Every line of the listing must be reproduced as it stands. Leave the images behind.

DATASET SECTION.
◆ ◆ ◆
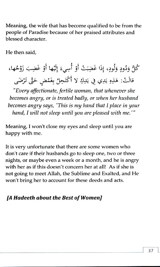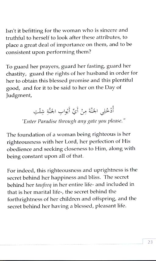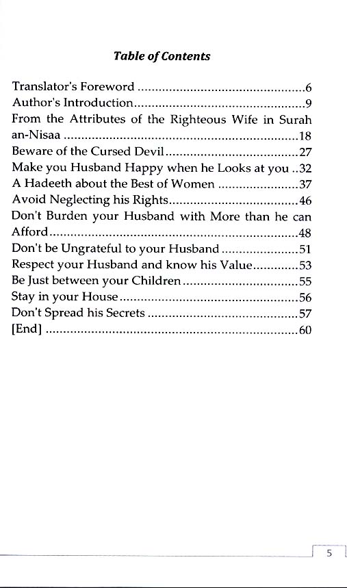 The author says, "The topic of this book, "The Attributes of the Righteous Wife", isn't just for the young woman looking forward to marriage and wants to know about the attributes of a good wife in order to adorn herself with those attributes and prepare herself to implement and perfect them. Nor is it merely addressed to the married woman who has already chosen these righteous attributes and wishes to persevere and continue to practice them. Nor is it only for the married woman who fails to fulfill these attributes and falls short in them in order for her to fix herself and rectify her marital life. Rather it is an address and a reminder much more general than all of this. It is a reminder for the father who wants his daughters as well as any other women under his guardianship to have a good upbringing, an honorable life and an entrance into marital life according to what Allah and His Messenger have intended. This treatise will hopefully aid him in reminding these young women of the legislative guidelines and necessary characteristics that the young Muslim woman must be cultivated upon and look after. This treatise is also a reminder for the mother who is the shepherd of her home, the one responsible for her daughters as their instructor, for surely most women grow up practicing that which they saw and heard their mothers doing. It is also a reminder for the callers to Allah to look after this affair, to place importance on this matter and to strive very hard in spreading these virtuous attributes, commendable characteristics and blessed traits...."
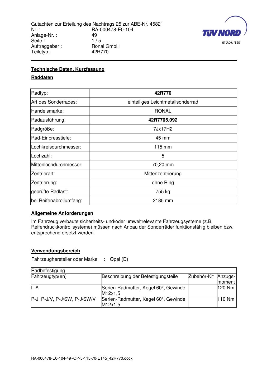 Dieses abe gehört zur Felge Ronal 42R770 in 7Jx17 ET0 mit KBA 45821. Die Seite ist dafür gedacht, dass du schnell prüfen kannst, ob KBA, Design und Größe zu deiner Felge passen und danach direkt das richtige PDF lädst.
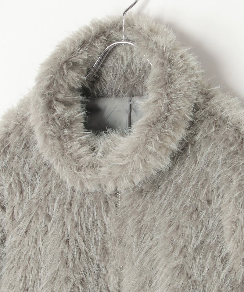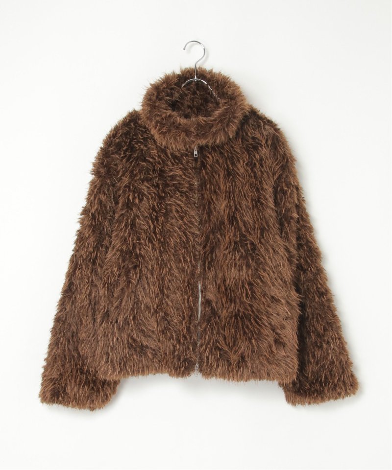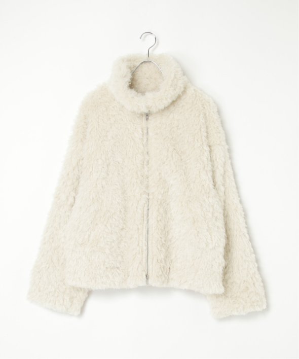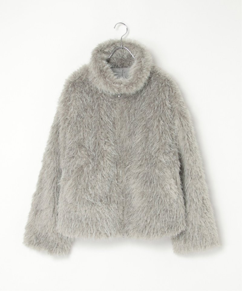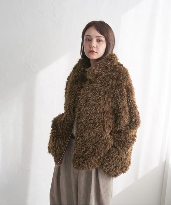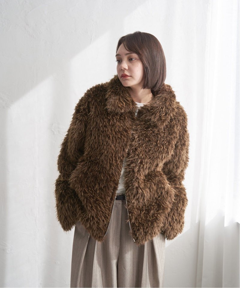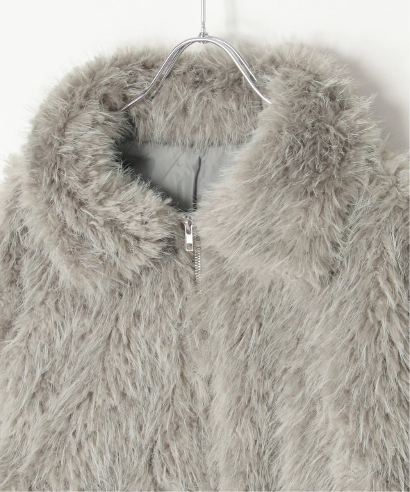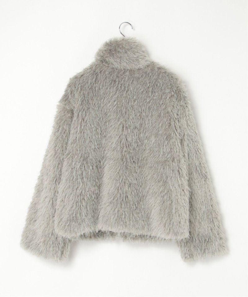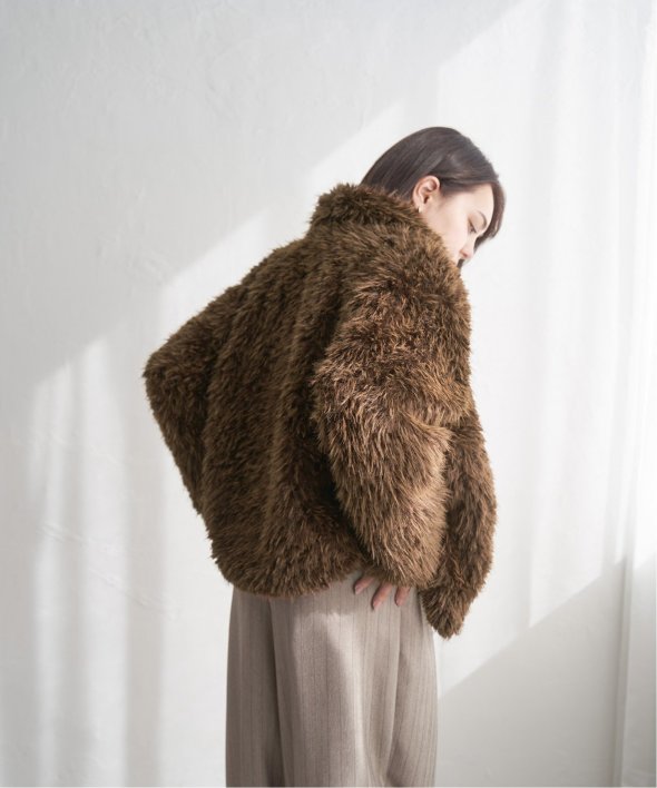 毛足の長いふさふさのフェイクファーが特徴のショート丈ジャケット。
◆ ◆ ◆
TASK SOLUTION.
 The author says, "The topic of this book, "The Attributes of the Righteous Wife", isn't just for the young woman looking forward to marriage and wants to know about the attributes of a good wife in order to adorn herself with those attributes and prepare herself to implement and perfect them. Nor is it merely addressed to the married woman who has already chosen these righteous attributes and wishes to persevere and continue to practice them. Nor is it only for the married woman who fails to fulfill these attributes and falls short in them in order for her to fix herself and rectify her marital life. Rather it is an address and a reminder much more general than all of this. It is a reminder for the father who wants his daughters as well as any other women under his guardianship to have a good upbringing, an honorable life and an entrance into marital life according to what Allah and His Messenger have intended. This treatise will hopefully aid him in reminding these young women of the legislative guidelines and necessary characteristics that the young Muslim woman must be cultivated upon and look after. This treatise is also a reminder for the mother who is the shepherd of her home, the one responsible for her daughters as their instructor, for surely most women grow up practicing that which they saw and heard their mothers doing. It is also a reminder for the callers to Allah to look after this affair, to place importance on this matter and to strive very hard in spreading these virtuous attributes, commendable characteristics and blessed traits...."
 Dieses abe gehört zur Felge Ronal 42R770 in 7Jx17 ET0 mit KBA 45821. Die Seite ist dafür gedacht, dass du schnell prüfen kannst, ob KBA, Design und Größe zu deiner Felge passen und danach direkt das richtige PDF lädst.
 毛足の長いふさふさのフェイクファーが特徴のショート丈ジャケット。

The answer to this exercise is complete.